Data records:

+---+

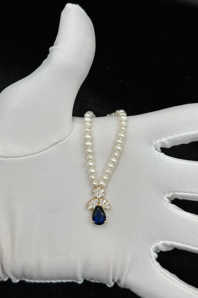 - عقد ذهب مع لؤلؤ مع فص ازرق
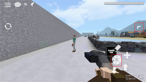8、右侧有手枪按钮,点按像快门的键可射击,长按并拖动也能操作,加号能添加新靶子;
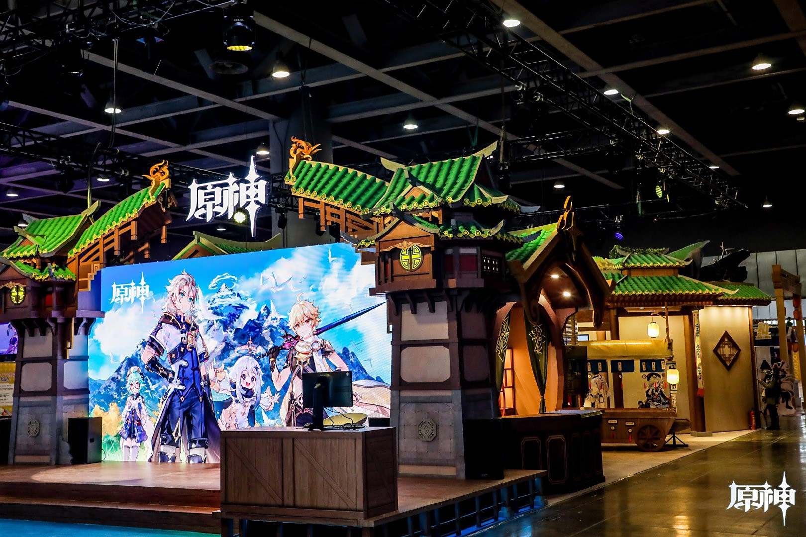 本次《原神》搭建了高度还原游戏内场景的展台,充分展现了游戏中「璃月」的东方风情。既有极具璃月风格的木造建筑,每日发布委托的冒险家协会,又有神秘幽深的奔狼领。此外,建筑的屋檐、窗棂、灯笼、雕刻等都充分还原游戏内设计,让人仿佛来到了丰富多彩的提瓦特大陆。
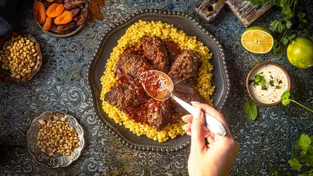 Fragrant beef kofta recipe spiced with cinnamon, cumin and fresh herbs, simmered in a tangy tomato sauce with lime. Served with couscous, yoghurt and pine nuts, it's a warming dish full of Middle Eastern character.
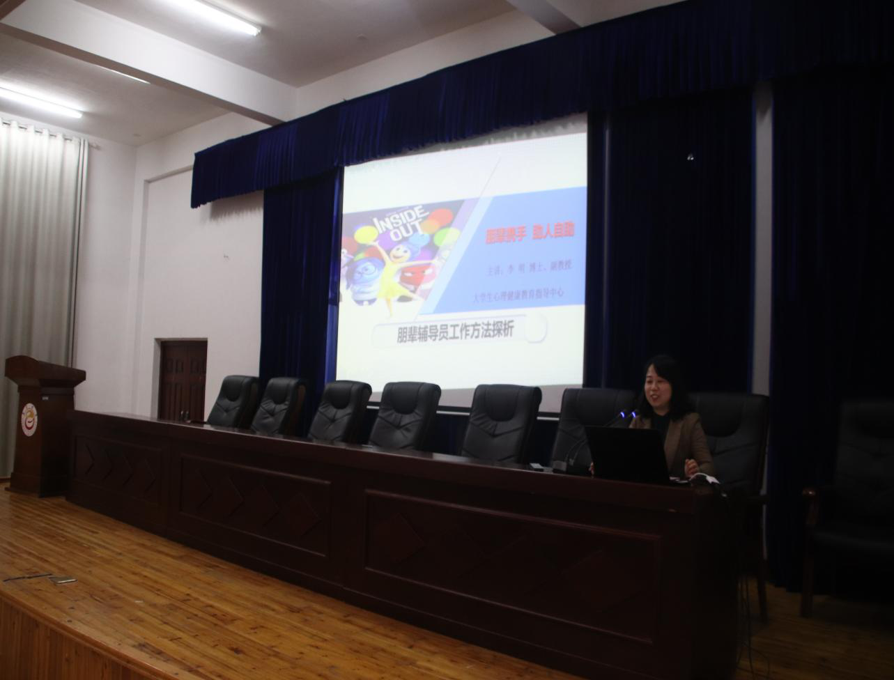 为不断充实基层心理援助与危机干预力量,完善学校心理健康教育工作体系及学生心理危机预防与干预机制,以便有效做好学生心理健康问题预防工作,10月26日晚,我院在校工会三楼会议室举办朋辈辅导员培训讲座。讲座邀请了星空XK心里健康教育中心主任、中山大学博士李明副教授作为主讲嘉宾。
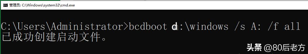 3. 输入:bcdboot d:windows /s A: /f ALL
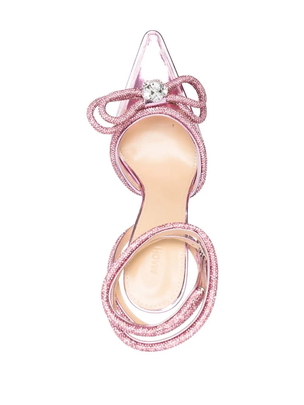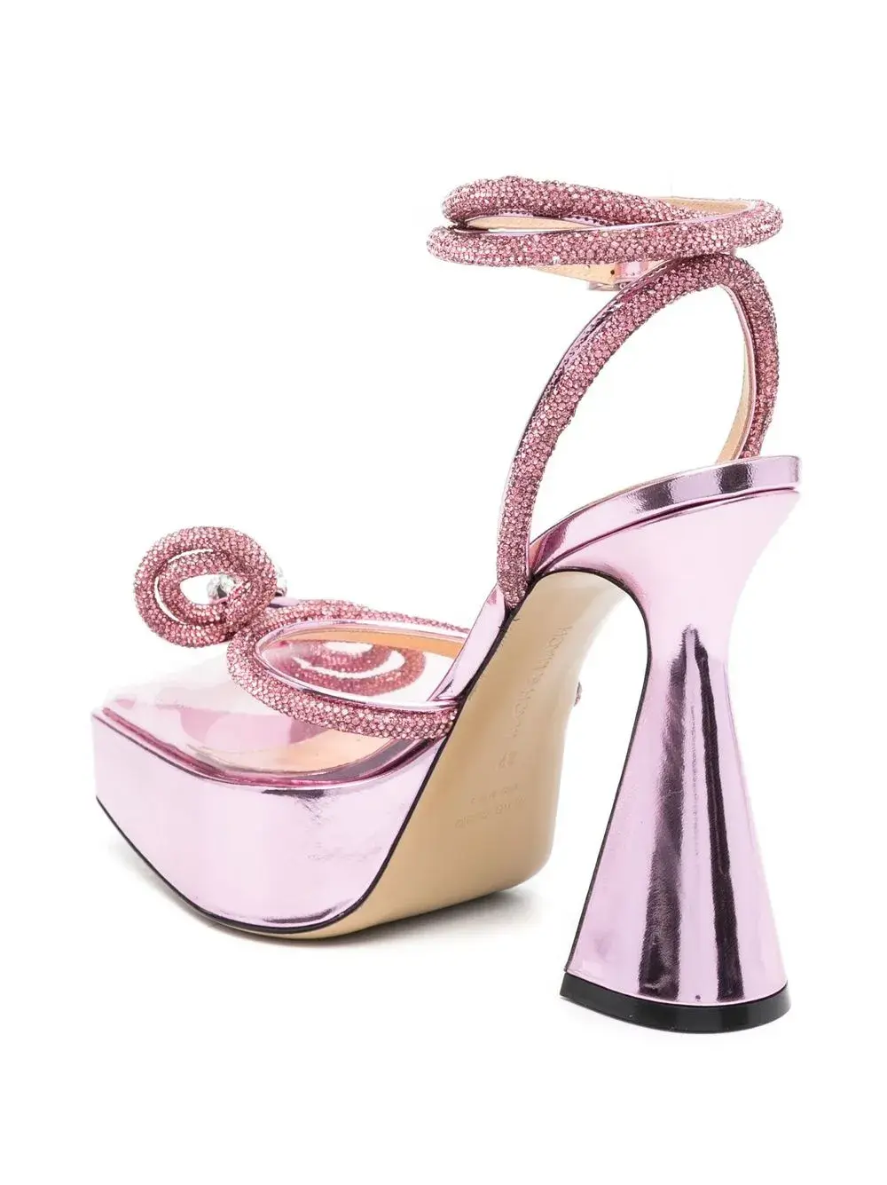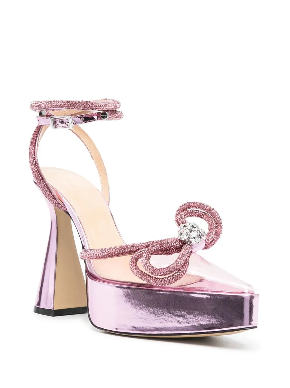 Розовый, телячья кожа, покрытие с эффектом металлик, декор из кристаллов, бант, заостренный носок, подошва на платформе, ремешок на щиколотке с пряжкой и высокий блочный каблук
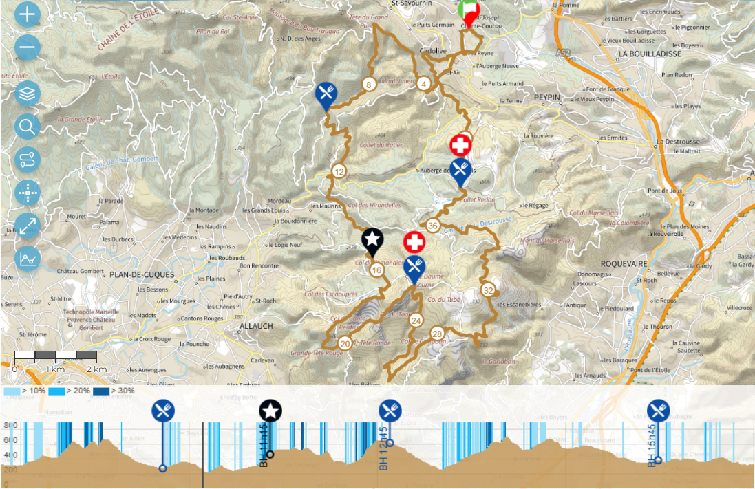 Ça va piquer, on vous aura prévenu… Un ravitaillement vous attend au col de Baume Sourne (23km – 1600d+) afin de reprendre des forces pour s’attaquer à la longue descente puis la remontée par le pas de Garrige qui mène au Garlaban, point culminant de la course.
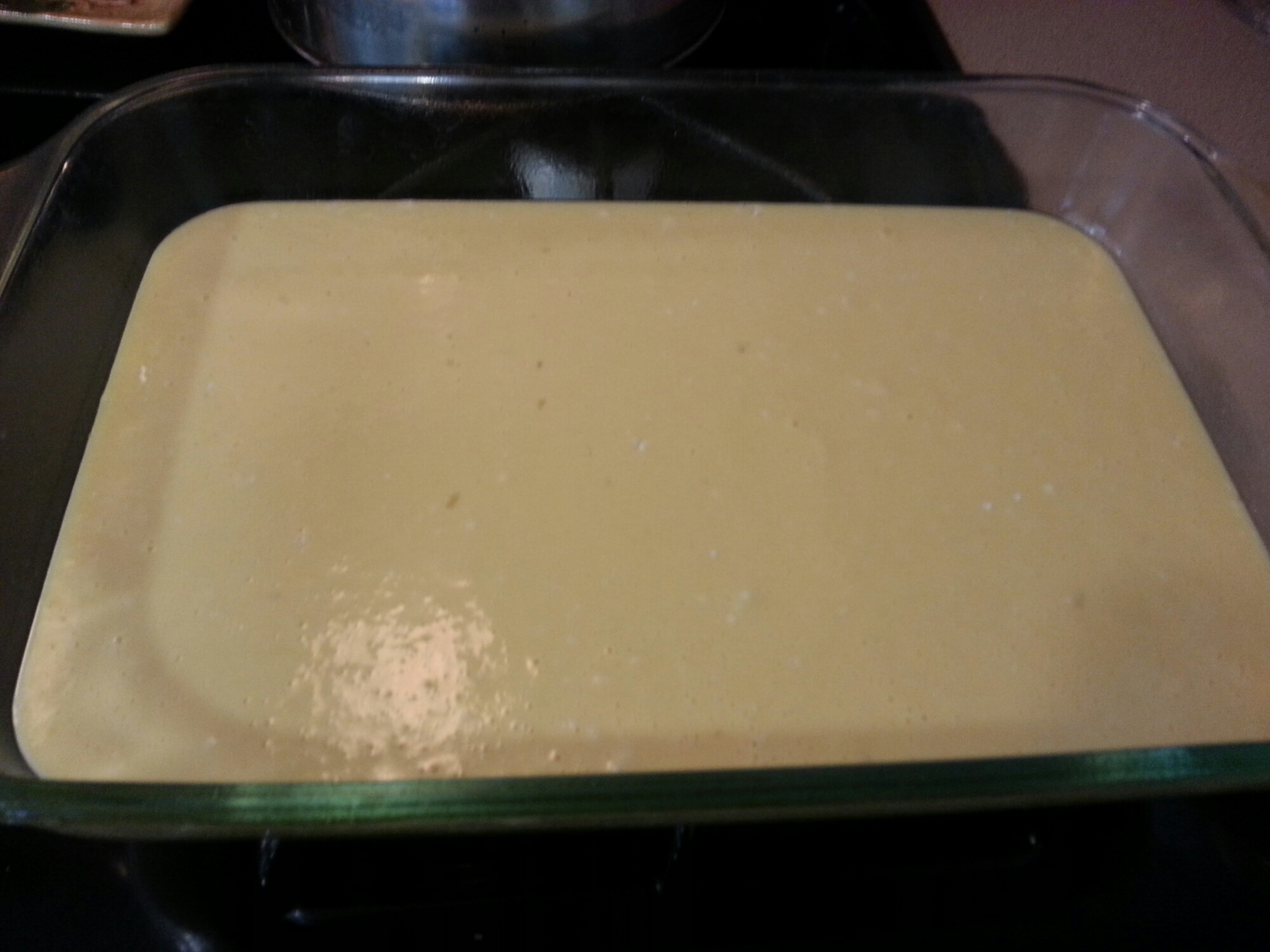 Mix thoroughly. Pour into your greased 9×13 baking dish.
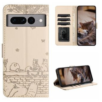For Google Pixel 7 Pro Cartoon Cats Leather Phone Case(Beige White)
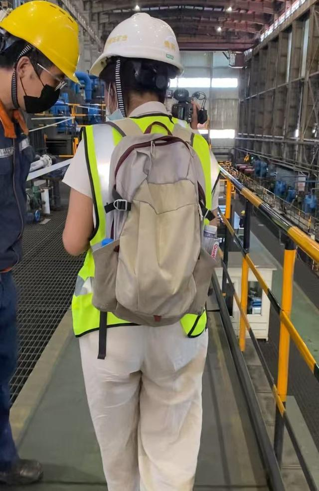7月25日,当地组织媒体在厂区采访时,工作人员向记者发放临时工牌时提到,人少不用戴耳机,“我们一般都是说五六十人、一百人以上我们才要戴耳机,有个专门的讲解员”。
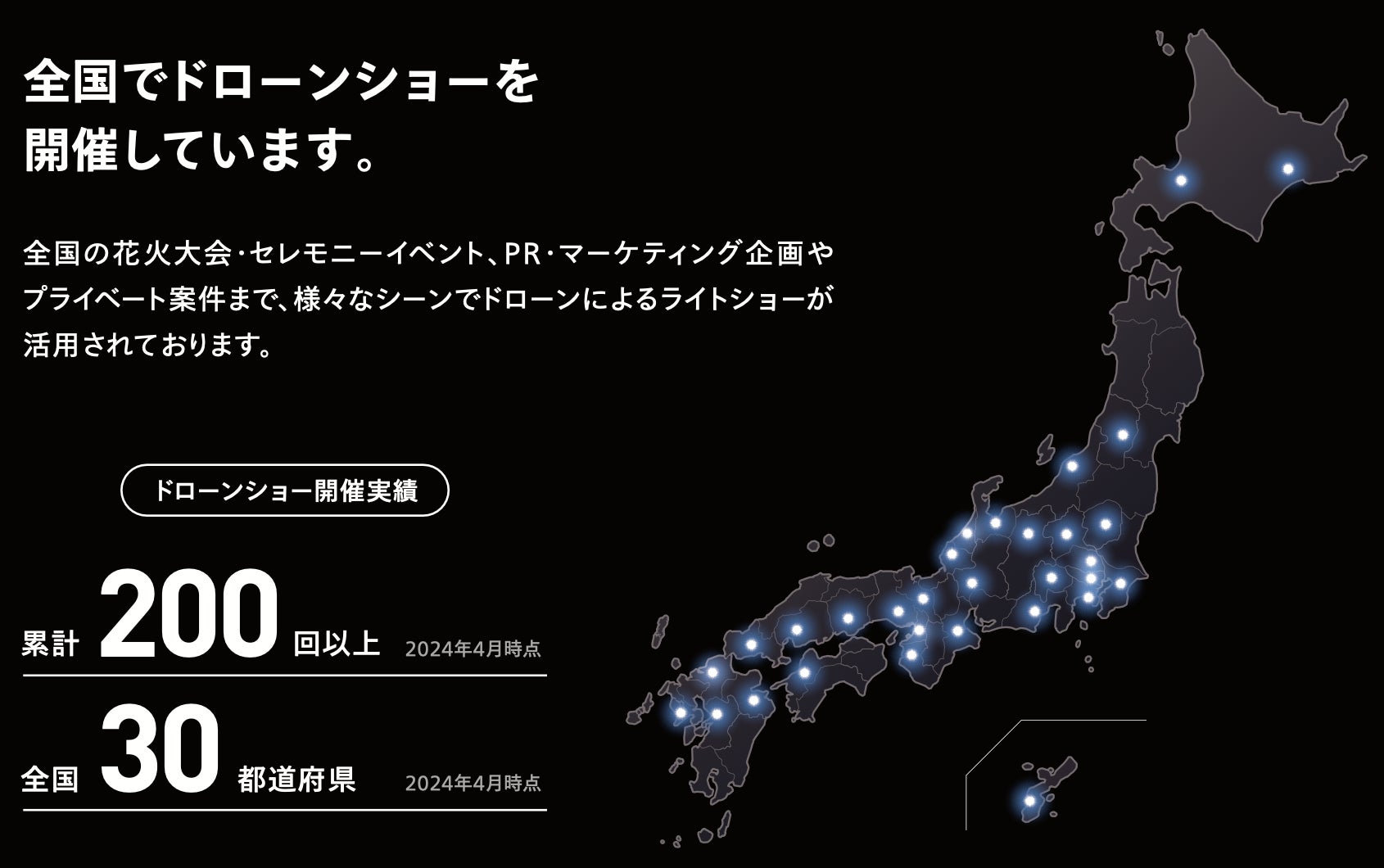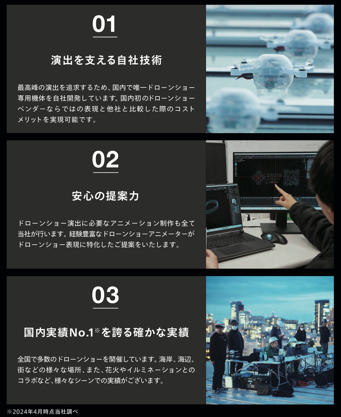 ※ 日本国内におけるドローンショー実施回数実績として、2024年4月時点当社調べ。
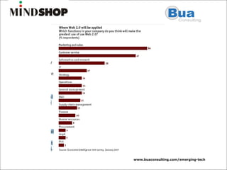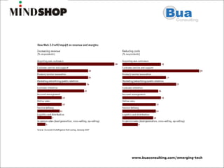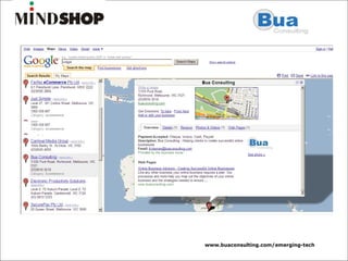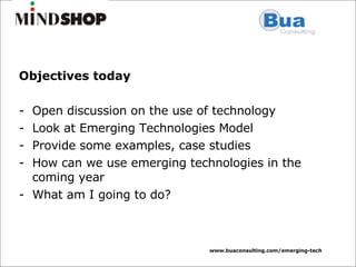 The document discusses emerging technologies and how businesses can leverage them. It provides examples of technologies like web 2.0, cloud computing, mashups and how companies have used them. Case studies are presented on using tools like Google Apps, Skype, Central Desktop and data from websites to improve business processes and deliver better services. The presentation encourages attendees to develop a one page plan to apply emerging technologies to address three business issues.

+---+

* TASK STATEMENT
With images omitted, retype the data word for word.

* TASK RESULT
 - عقد ذهب مع لؤلؤ مع فص ازرق
8、右侧有手枪按钮,点按像快门的键可射击,长按并拖动也能操作,加号能添加新靶子;
 本次《原神》搭建了高度还原游戏内场景的展台,充分展现了游戏中「璃月」的东方风情。既有极具璃月风格的木造建筑,每日发布委托的冒险家协会,又有神秘幽深的奔狼领。此外,建筑的屋檐、窗棂、灯笼、雕刻等都充分还原游戏内设计,让人仿佛来到了丰富多彩的提瓦特大陆。
 Fragrant beef kofta recipe spiced with cinnamon, cumin and fresh herbs, simmered in a tangy tomato sauce with lime. Served with couscous, yoghurt and pine nuts, it's a warming dish full of Middle Eastern character.
 为不断充实基层心理援助与危机干预力量,完善学校心理健康教育工作体系及学生心理危机预防与干预机制,以便有效做好学生心理健康问题预防工作,10月26日晚,我院在校工会三楼会议室举办朋辈辅导员培训讲座。讲座邀请了星空XK心里健康教育中心主任、中山大学博士李明副教授作为主讲嘉宾。
 3. 输入:bcdboot d:windows /s A: /f ALL
 Розовый, телячья кожа, покрытие с эффектом металлик, декор из кристаллов, бант, заостренный носок, подошва на платформе, ремешок на щиколотке с пряжкой и высокий блочный каблук
 Ça va piquer, on vous aura prévenu… Un ravitaillement vous attend au col de Baume Sourne (23km – 1600d+) afin de reprendre des forces pour s’attaquer à la longue descente puis la remontée par le pas de Garrige qui mène au Garlaban, point culminant de la course.
 Mix thoroughly. Pour into your greased 9×13 baking dish.
For Google Pixel 7 Pro Cartoon Cats Leather Phone Case(Beige White)
7月25日,当地组织媒体在厂区采访时,工作人员向记者发放临时工牌时提到,人少不用戴耳机,“我们一般都是说五六十人、一百人以上我们才要戴耳机,有个专门的讲解员”。
 ※ 日本国内におけるドローンショー実施回数実績として、2024年4月時点当社調べ。
 The document discusses emerging technologies and how businesses can leverage them. It provides examples of technologies like web 2.0, cloud computing, mashups and how companies have used them. Case studies are presented on using tools like Google Apps, Skype, Central Desktop and data from websites to improve business processes and deliver better services. The presentation encourages attendees to develop a one page plan to apply emerging technologies to address three business issues.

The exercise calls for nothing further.